Вересов начал вглядываться и с полуиспугом, с полуизумлением заметил сперва чье-то лицо, тускло озаренное луною, а потом и всю эту фигурку. Подумал было он, будто это во сне ему грезится, но тут же убедился, что не спит, и что в действительности в том углу есть кто-то.
– Кто тут? – громко окликнул Вересов.
Девушка вздрогнула, раскрыла глаза и пристально стала глядеть на своего соночлежника, но с места не двигалась.
– Кто тут? – еще громче и с некоторым беспокойством повторил последний, подымаясь на ноги.
Маша робко встала и торопливо направилась к дверке, как вдруг тот ухватил ее за рукав и пристально стал всматриваться в лицо.
– Я уйду… я сейчас уйду… – прошептала Маша, испуганная его неожиданным прикосновением.
– Да я не гоню… Разве я гоню тебя? – возразил Вересов. – Я только спросил, кто ты?
Девушка без ответа опустила голову: она не знала, уйти ли ей, или остаться – и пока в нерешительности стояла на одном месте.
– Ты одна была здесь? – спросил Вересов, который боялся, чтобы какой-нибудь новый обитатель покинутой барки не выжил его из этого логовища.
– Одна, – прошептала смущенная девушка.
– Зачем ты здесь была?
Ответа не последовало.
– Что тебе здесь надо было?
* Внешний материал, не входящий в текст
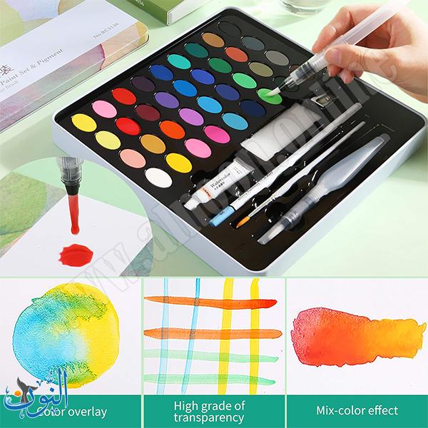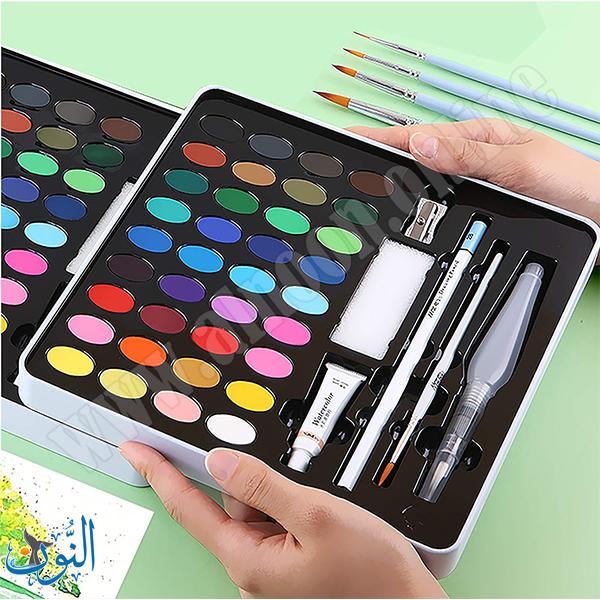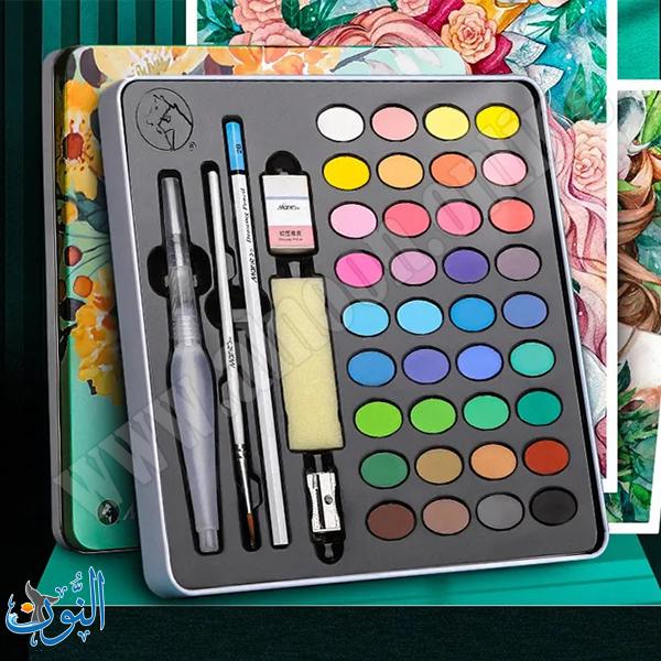 طقم الألوان المائية الصلبة من ماريس (Marie’s) يتميز بجودة عالية وألوان زاهية نابضة بالحياة، مما يجعله مناسبًا للفنانين المبتدئين والمحترفين على حد سواء. يأتي الطقم في علبة أنيقة وعملية، ويحتوي على مجموعة متكاملة من الأدوات الفنية تشمل: فرشاة تقليدية، فرشاة مائية، أقلام خشبية، ممحاة، مبراة معدنية، إسفنجة، وأوراق للرسم بالألوان المائية، مما يجعله مثاليًا للاستخدام في المنزل أو أثناء التنقل. يتميز التصميم بخفة الوزن وسهولة الحمل، ويُعد خيارًا ممتازًا كهديّة فنية للأطفال والكبار. الألوان آمنة وغير سامة وتطابق معايير السلامة. يتوفر الطقم بخيارين من حيث عدد الألوان: 36 لونًا و48 لونًا لتلبية مختلف الاحتياجات الفنية.

Зачем ты была здесь? – повторил все еще опасавшийся бездомник, которому не хотелось расставаться с последним своим убежищем.
– Да когда деваться больше некуда… Надо же куда-нибудь! – возразила девушка.
Вересов успокоился.
– Так ты… все равно, как и я… Обоим нам некуда, – проговорил он кротко, опуская ее рукав. – Оставайся… Куда ж идти-то?.. Зла я тебе никакого не сделаю… Оставайся себе – места хватит…
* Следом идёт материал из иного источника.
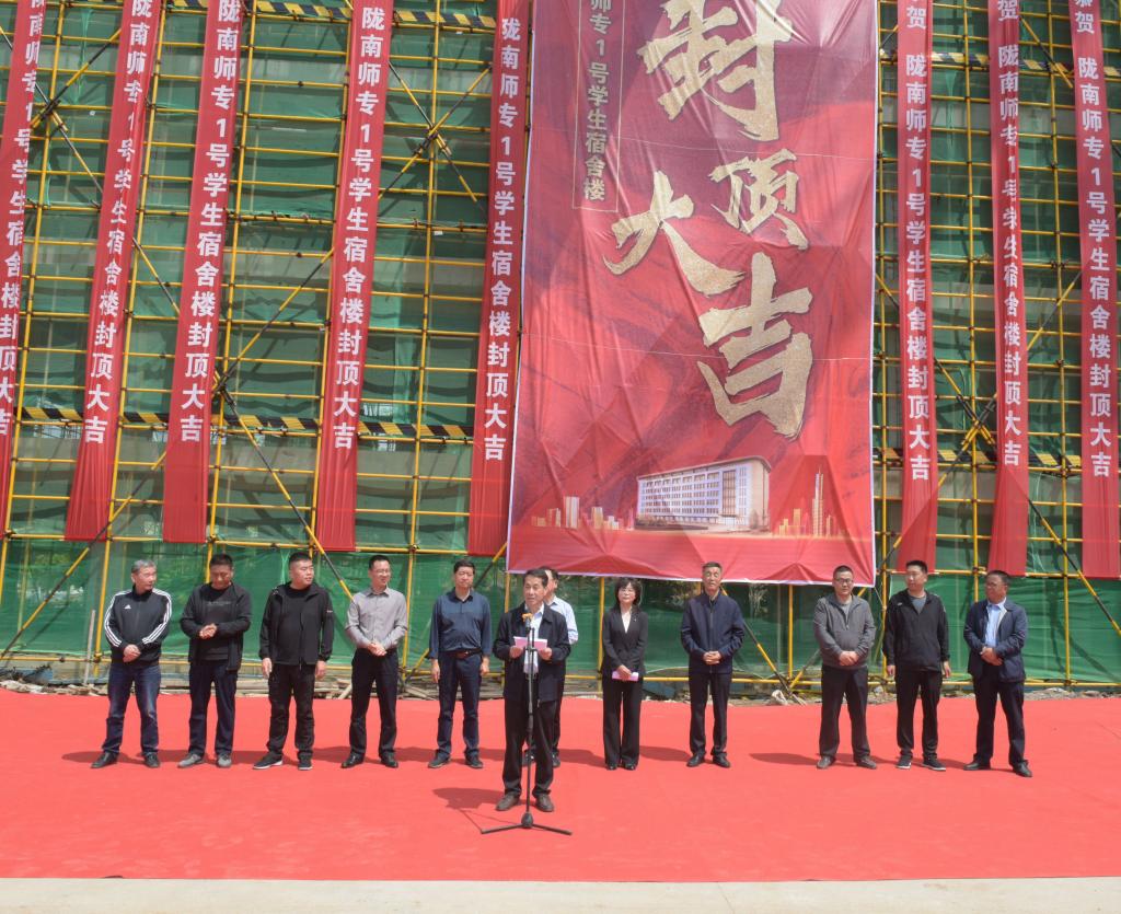 仪式上,李艳红致辞。她代表学校向出席封顶仪式的领导和嘉宾表示热烈欢迎,向为学校建设发展做出贡献的全体人员表示由衷感谢。她说,东校区1号学生公寓楼自开工以来,在陇南市委市政府领导的高度重视支持下和成县县委县政府领导的大力协调下,项目部全体员工全力以赴,克服重重困难,高标准,高速度地完成了1号学生公寓楼主体封顶工作。她希望项目施工单位继续保持主体工程建设的激情,把主体结构封顶当做新的起点,继续发扬团结合作、锐意进取的精神,精益求精,创建精品工程,脚踏实地、搞好后续工程建设,确保工程如期完成,让学生能够早日享受更舒适的住宿环境。

Маша еще с минуту постояла раздумчиво и вернулась на прежнее место. Вересов тоже улегся подле собаки, и долго, из своей темноты, смотрел на девушку пристальными глазами. Она по-прежнему свернулась в комочек, скорчилась, закутавшись в бурнусишко, и сидела в углу, плотнее прижавшись к промерзлой стенке.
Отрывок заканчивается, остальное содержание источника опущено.